= Problem statement =
Exclude the pictures and reproduce the remaining data exactly as written.
Segment Start: Given data
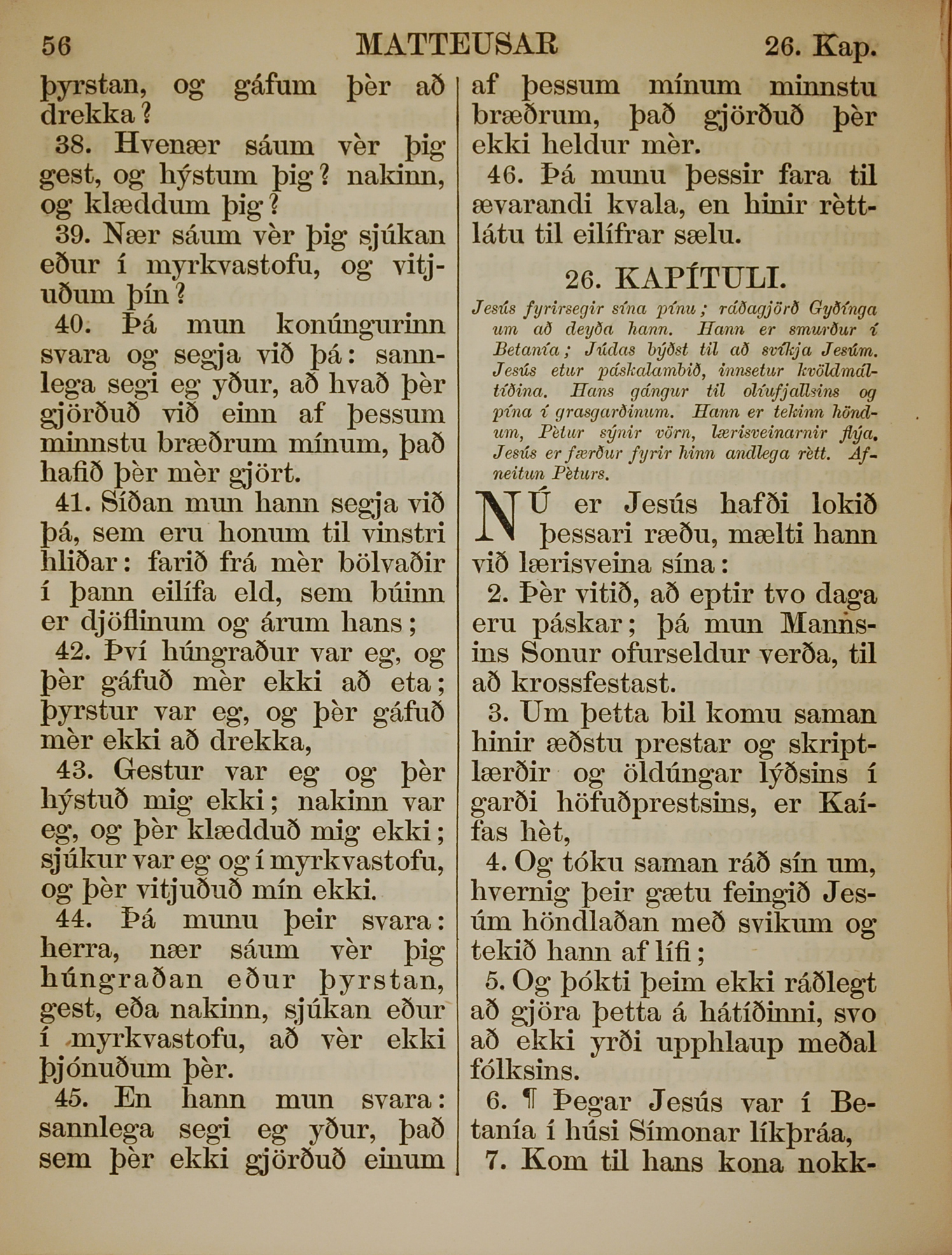 1863年冰島語新約全書 馬太福音 25 章 38 節到 26 章 7 節
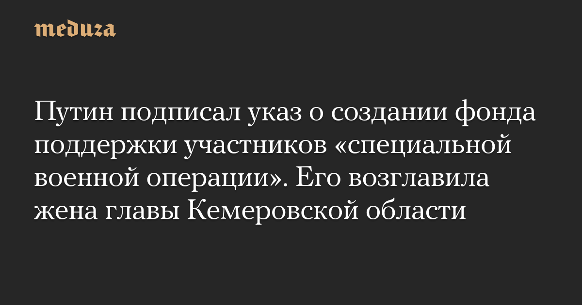 Путин подписал указ о создании фонда поддержки участников «специальной военной операции». Его возглавила жена главы Кемеровской области
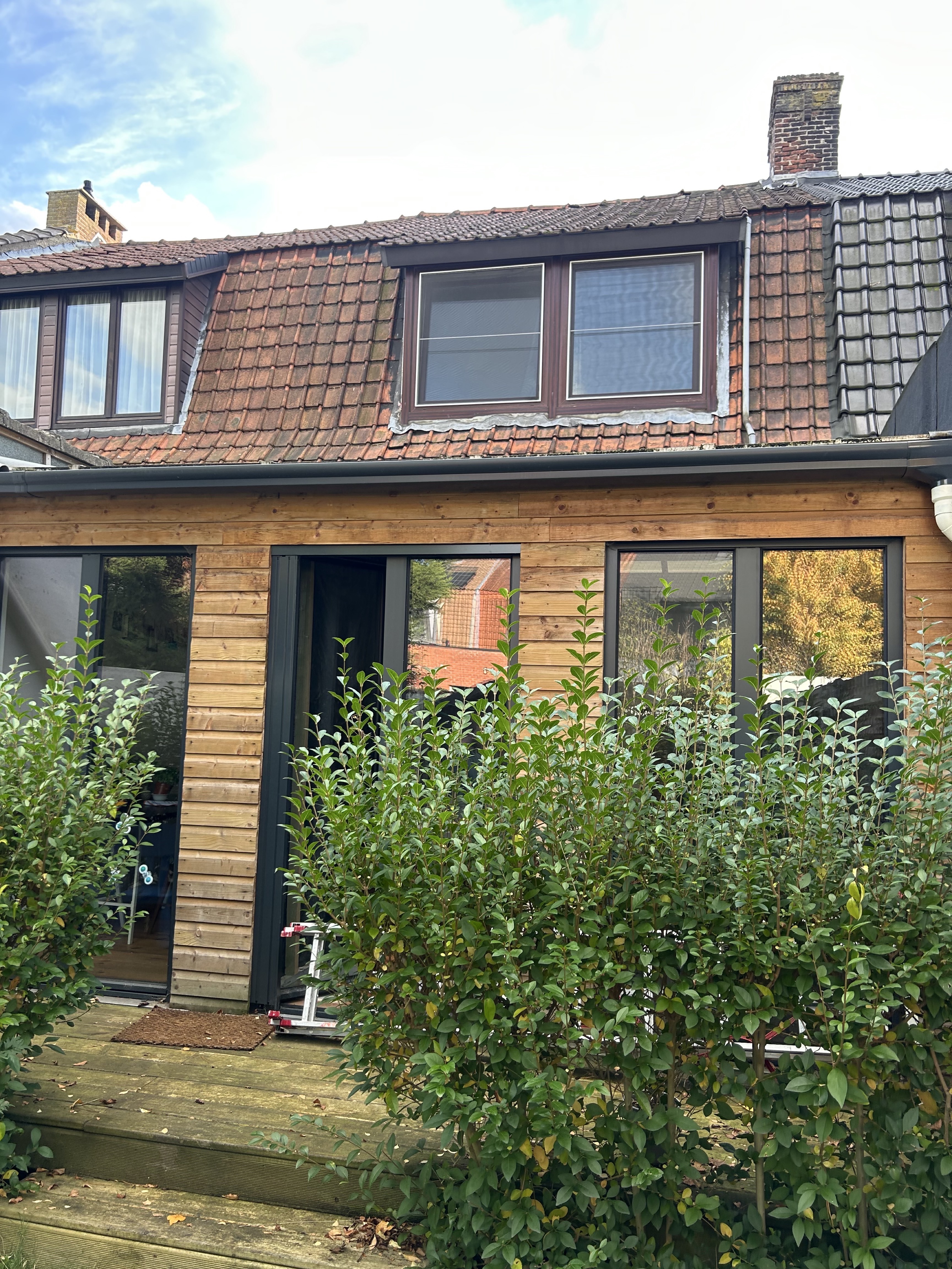 exterior shot the roof will be renewed with new red tiles a rear extension with a flat roof will be added featuring a black wooden facade there will be 3 tall windows in the rear facade
Segment End: Given data
= Answer for this exercise =
 1863年冰島語新約全書 馬太福音 25 章 38 節到 26 章 7 節
 Путин подписал указ о создании фонда поддержки участников «специальной военной операции». Его возглавила жена главы Кемеровской области
 exterior shot the roof will be renewed with new red tiles a rear extension with a flat roof will be added featuring a black wooden facade there will be 3 tall windows in the rear facade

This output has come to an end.